「火火」若舞輕聲喚起。愨鵡曉
「舞舞姐姐。」如今的火火,越發喜愛沉睡,看著每每都是睡眼朦朧出現的火火,若舞總是覺得有那麼一點的擔憂。
縷縷赤紅的發絲披散著,若舞好笑地攏了攏火火的發絲,「怎麼老是睡不夠呢。」
「就是覺得無力。」
「我要去下虛界閉關,你也去吧。」對于幻化的火火,若舞已然將這上古天龍視為自己的小弟弟,閉關的日子是苦悶的,深怕這小家伙坐不住,若舞詢問著。
揉了揉睡眼,「舞舞姐姐閉關,火火肯定要去的,我要保護你。」
小小的臉上,那抹自豪感油然而生。
「這才可不知道要去多久呢,走吧。」若舞伸出手,自然地牽著火火,很快的消失在了余府。
再次踏入下虛界,若舞明顯感到,已達君階的自己,在此刻的感受,較之以往全然不同。
伸著懶腰,若舞倒也不急地溜達散步了一圈,湖邊波光粼粼,倒映著一大一小的影像,此刻的若舞,這才驚覺額間的粉色。

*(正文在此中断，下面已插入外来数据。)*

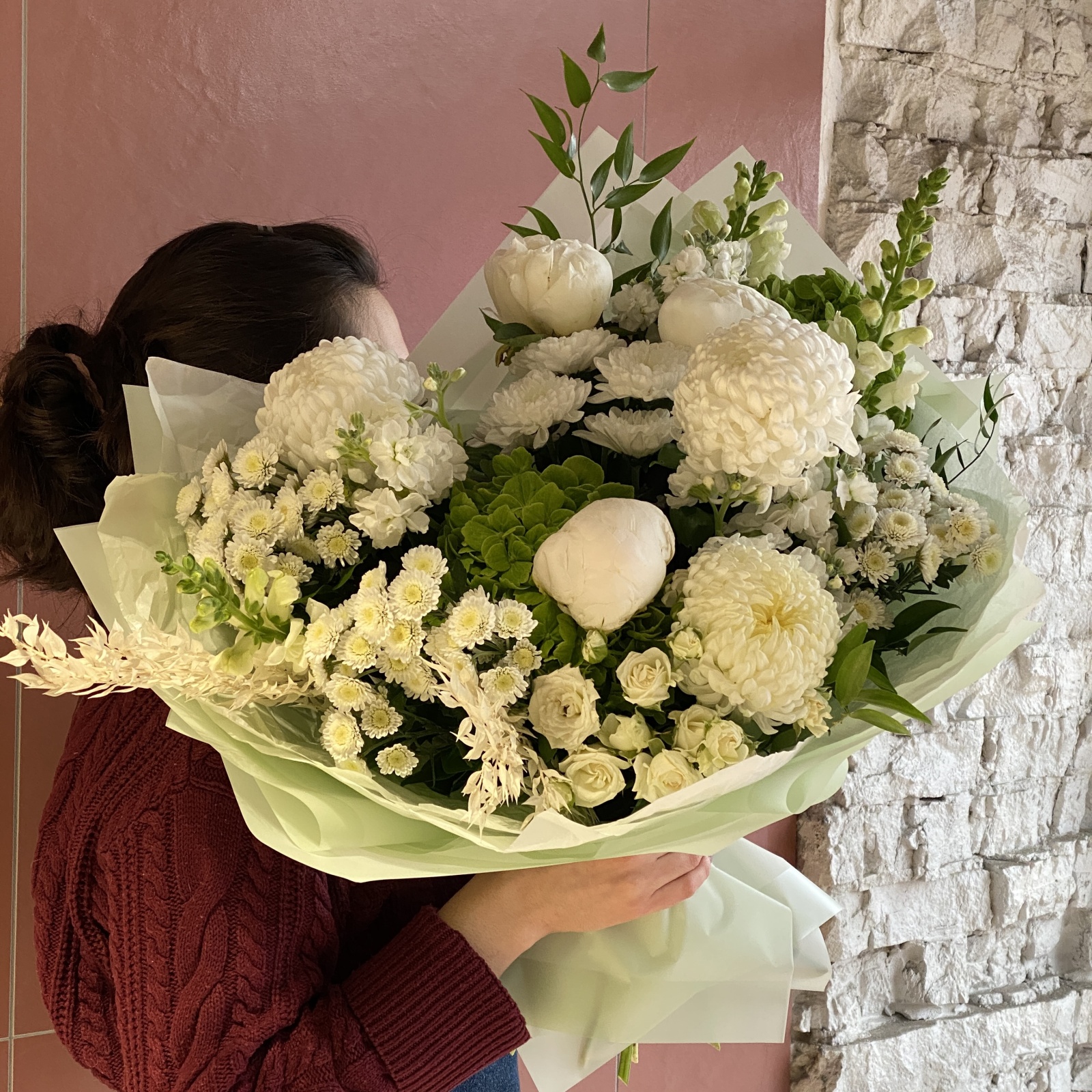 Состав: хризантема 3, хризантема кустовая 3, антирринум 3, рускус 3, маттиола 3, пион 3, гортензия 2, роза кустовая 1 и прочее. в наличии

急急掏出鏡子,果然,眉間一抹粉色,若隱若現的花骨朵,帶著微微的光暈。
手指的觸及之處,光潔的額間,並沒有其他的異樣,眼底的困惑,若舞苦笑,只怕,這一切的離奇,都和母親有關,上古一族,如果母親真是上古一族,那麼這其中,是不是還有什麼東西,在等著自己,思及記憶里毀天滅地的戰爭,若舞的心里一緊。
休息片刻,若舞也尋了一處,穩穩入定。
緩緩合上的雙眼,此刻的下虛界,寧靜的氣流,清爽的風,令若舞的心,極其的平靜。心境的放空,若舞隨著心里的牽引,不斷的吸取外界的靈力,體內些許的勞損,也在藥丹的助益之下復原。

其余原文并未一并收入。